T.A.H. : C’est une chose très particulière. C’est lié à ma relation avec la presse française. Elle a toujours été abominable avec moi, sur tous mes films. Je ne suis pas surpris. Il aurait fallu, dès mon premier film, que je dise que la Nouvelle Vague, c’est tout pour moi. Je ne l’ai jamais dit. Pour moi, Truffaut fait de l’illustration. J’ai du plaisir à regarder le cycle Doinel, je connais les films par cœur, l’histoire est sympathique, mais du point de vue de la pure cinématographie, c’est très pauvre. Alors que Godard est riche en cinéma.

PHOTO CAROLE BETHUEL, FOURNIE PAR MÉTROPOLE FILMS

Scène de La passion de Dodin Bouffant

M.C. : Pour la presse française, cette lettre d’amour à la France arrive trop tard ?

T.A.H. : Non, pas du tout. Pour la presse française, c’est comme si je disais une chose et que je faisais autre chose. C’est peut-être ça. Pour la critique, ce n’est pas une lettre d’amour à la France.

M.C. : Est-ce que de ce point de vue, avoir été choisi pour représenter la France aux Oscars est un baume ?

T.A.H. : Oui, ça a provoqué une polémique [Anatomie d’une chute de Justine Triet était le candidat pressenti], mais pour moi, c’est un grand plaisir de représenter la France aux Oscars. C’est un honneur. Les Oscars, c’est un objectif intéressant pour le film et c’est vraiment passionnant pour moi.

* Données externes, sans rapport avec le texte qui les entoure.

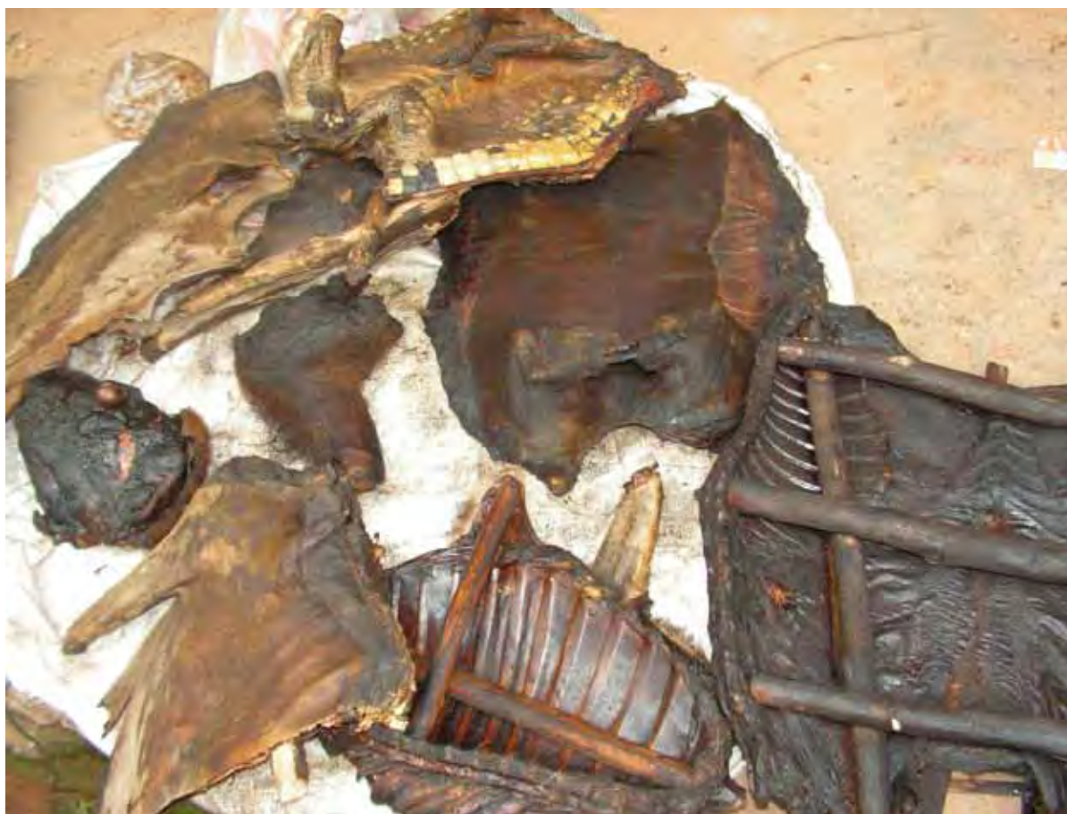
Smoked bushmeat sold in Mamfe, South West Cameroon

Hunting households are not the only beneficiaries of the bushmeat trade. Throughout tropical forest countries, bushmeat generates income for a variety of stakeholders including those who transport it at all points along different supply chains and those who trade it in roadside locations, in established markets, door to door, or in restaurants and shop halls. From first harvest to final sale, the trade in bushmeat for local, national or regional trade now forms an important part of the informal sector’s “hidden economy”. Access to markets is a key factor in realizing economic values of wild products, including bushmeat. If prices and profits are high enough, local traders will make use of any transport networks, over considerable distances to get perishable goods to market. As a result hunting and the bushmeat trade, although largely ignored in official trade and national statistics, play a crucial role in the economies of numerous countries, but being part of the hidden economy, are not tapped as a source of government revenues (Fargeot, 2009).
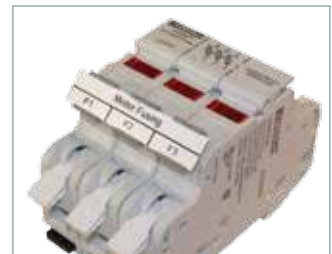
Continuous marking strip and adaptors

M.C. : C’était pour la France que vous y étiez avec L’odeur de la papaye verte ?

T.A.H. : Non, j’étais dans les cinq finalistes pour le Viêtnam, même si j’habitais déjà la France depuis longtemps. Ce qui est important pour moi, quand je fais un film, c’est de fournir au spectateur une chose de qualité en termes de langage cinématographique. Les critiques français sont trop bouffés par la thématique et l’histoire. Je ne pense pas qu’ils savent ce qu’est le langage cinématographique. Ils ne se posent pas la question. Toute la discussion est sur la thématique qui est le plus d’actualité. Moi, ça ne m’intéresse pas. Dans 100 ans, si on regarde encore des films, ce sera le langage cinématographique qui va primer, et non pas la petite histoire qui est arrivée à une certaine époque.

M.C. : Ce n’est pas l’histoire qu’on raconte qui importe, mais la façon dont on la raconte…

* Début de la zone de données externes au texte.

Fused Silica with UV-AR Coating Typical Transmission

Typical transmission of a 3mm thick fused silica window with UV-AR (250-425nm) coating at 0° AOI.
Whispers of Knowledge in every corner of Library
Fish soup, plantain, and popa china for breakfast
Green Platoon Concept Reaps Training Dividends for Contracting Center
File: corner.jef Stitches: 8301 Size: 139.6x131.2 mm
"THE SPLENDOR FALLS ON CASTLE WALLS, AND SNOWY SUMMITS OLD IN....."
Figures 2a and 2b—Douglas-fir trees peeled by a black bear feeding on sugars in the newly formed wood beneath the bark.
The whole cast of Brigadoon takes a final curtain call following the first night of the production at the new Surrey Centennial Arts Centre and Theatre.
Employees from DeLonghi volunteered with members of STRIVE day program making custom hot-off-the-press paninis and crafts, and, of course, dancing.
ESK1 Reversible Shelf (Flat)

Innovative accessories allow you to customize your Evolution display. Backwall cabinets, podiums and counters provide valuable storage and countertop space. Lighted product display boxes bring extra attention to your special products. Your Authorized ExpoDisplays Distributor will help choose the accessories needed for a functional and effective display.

T.A.H. : Exactement. Et à travers ça, créer de l’émotion et du sens que seul le cinéma peut donner. La plupart des films, qu’ils soient français ou autres, ne sont que de l’illustration d’histoires et de thèmes. Il n’y a pas de cinéma. C’est très pauvre.

La passion de Dodin Bouffant, en salle le 10 novembre

Qui est Trân Anh Hùng ?

Né à Da Nang, au Viêtnam, Trân Anh Hùng arrive en France comme réfugié à 12 ans.

Lauréat de la Caméra d’or du meilleur premier long métrage du Festival de Cannes en 1993 pour L’odeur de la papaye verte, il remporte le Lion d’or du Festival de Venise deux ans plus tard pour Cyclo.

À la verticale de l’été (2000) clôt sa trilogie vietnamienne. Il adapte La ballade de l’impossible, roman de Haruki Murakami, en 2009 et réalise Éternité en 2016.